* **WHAT YOU ARE ASKED TO DO**
Exact transcription of the data below is required, without the images.

* **RAW DATA**

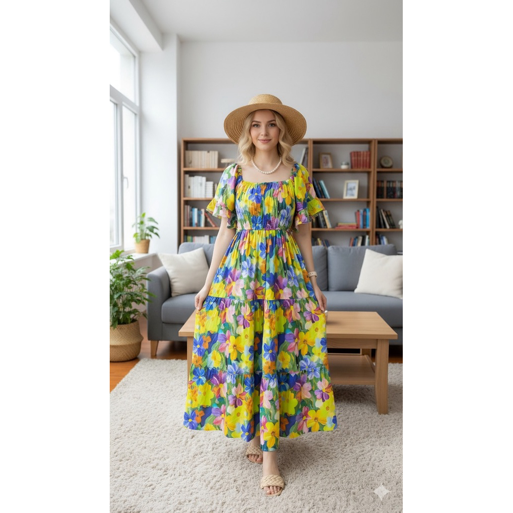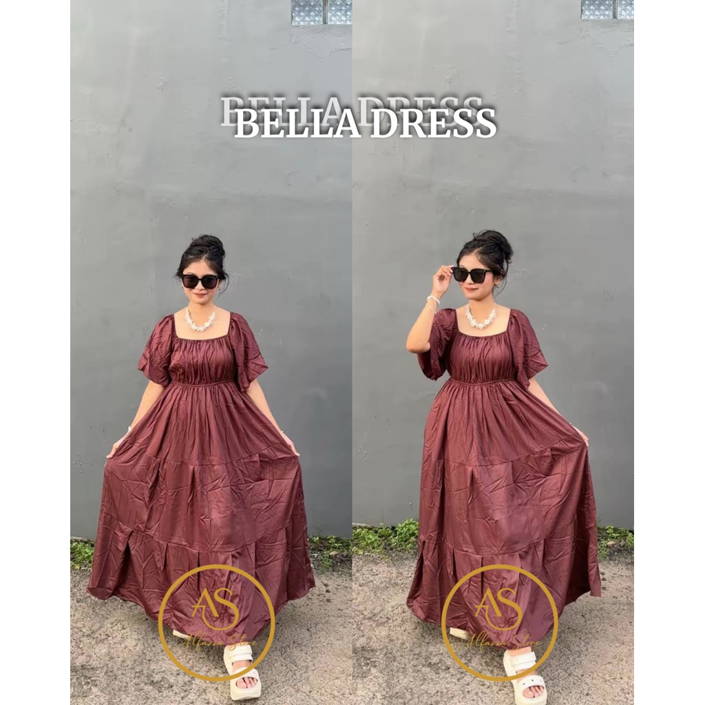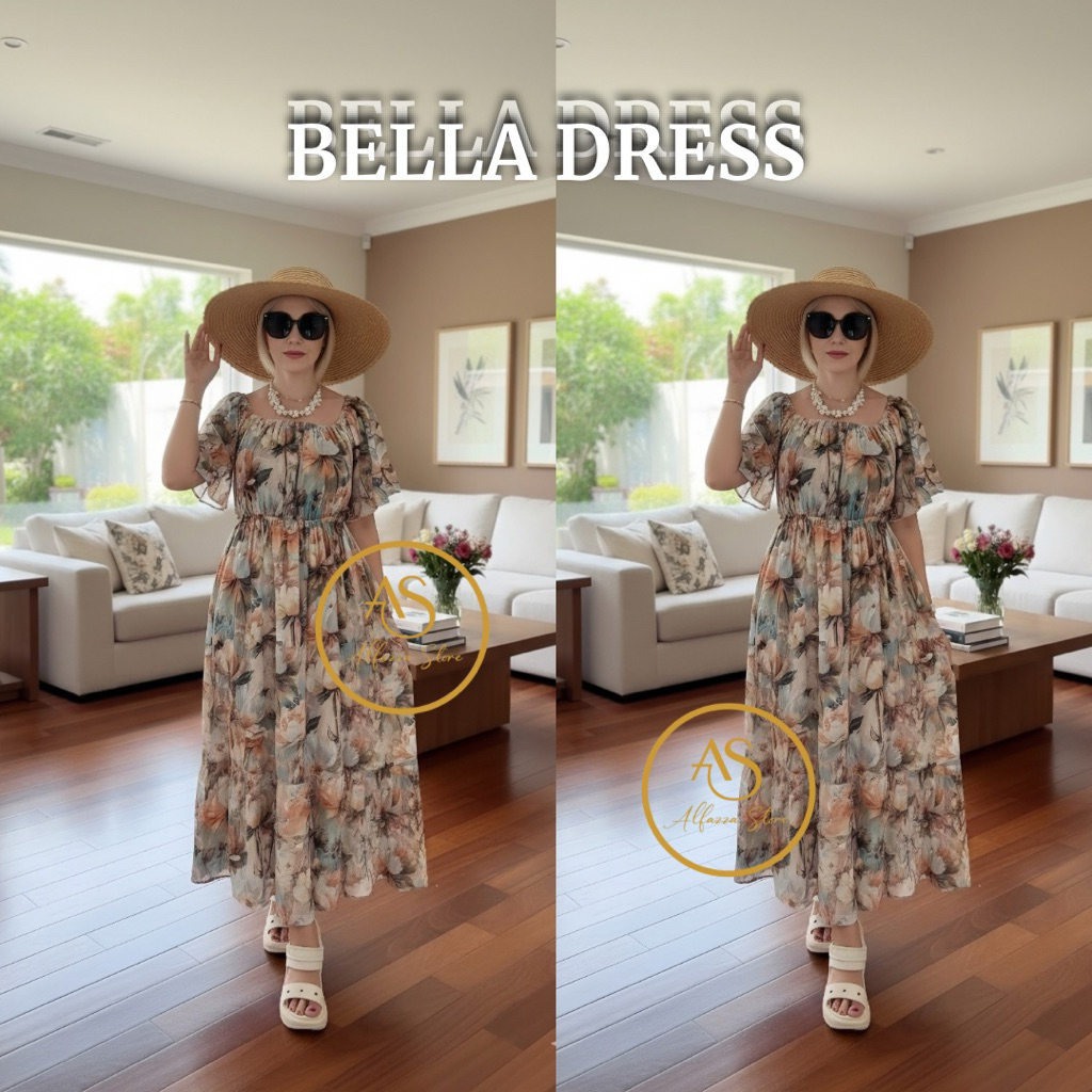 ALFAZZA BELLA DRESS MIDI WANITA RAYON VISCOSE MOTIF CASUAL BAJU PANTAI BUSUI BUMIL
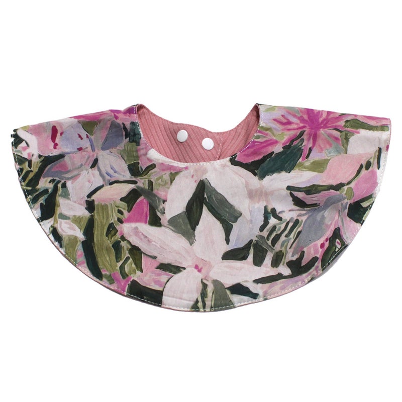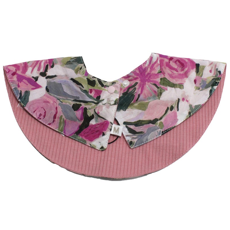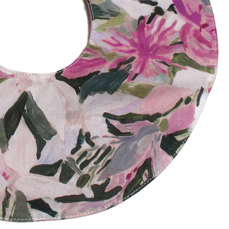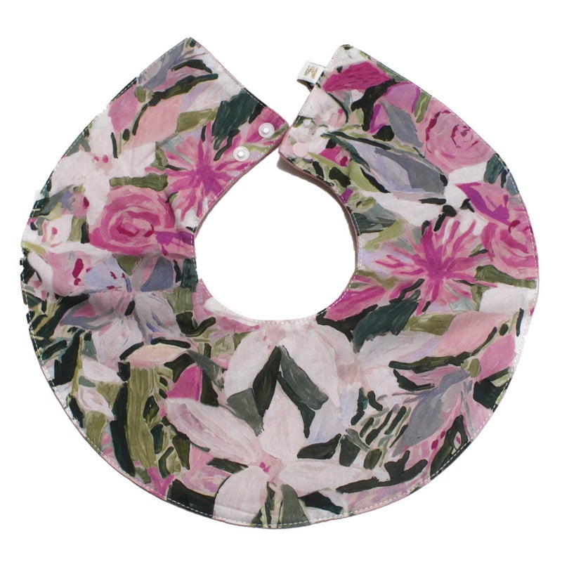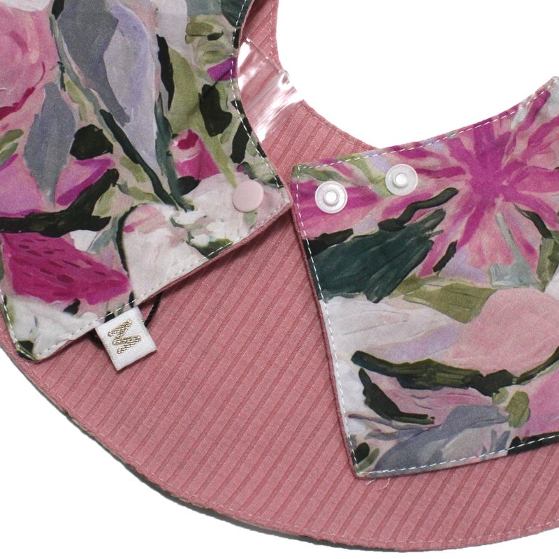 花柄、水彩タッチのドット柄の丸いスタイ。
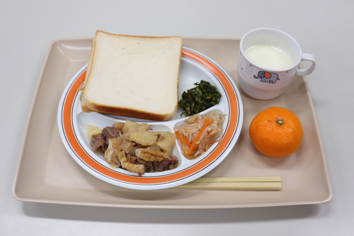 ・大根のあちゃら煮 ・えのきの酢の物 ・ジャム付きパン ・大根の葉の煮物 ・スキムミルク ・みかん | ||

* **RESPONSE FOR THIS EXERCISE**
 ALFAZZA BELLA DRESS MIDI WANITA RAYON VISCOSE MOTIF CASUAL BAJU PANTAI BUSUI BUMIL
 花柄、水彩タッチのドット柄の丸いスタイ。
 ・大根のあちゃら煮 ・えのきの酢の物 ・ジャム付きパン ・大根の葉の煮物 ・スキムミルク ・みかん | ||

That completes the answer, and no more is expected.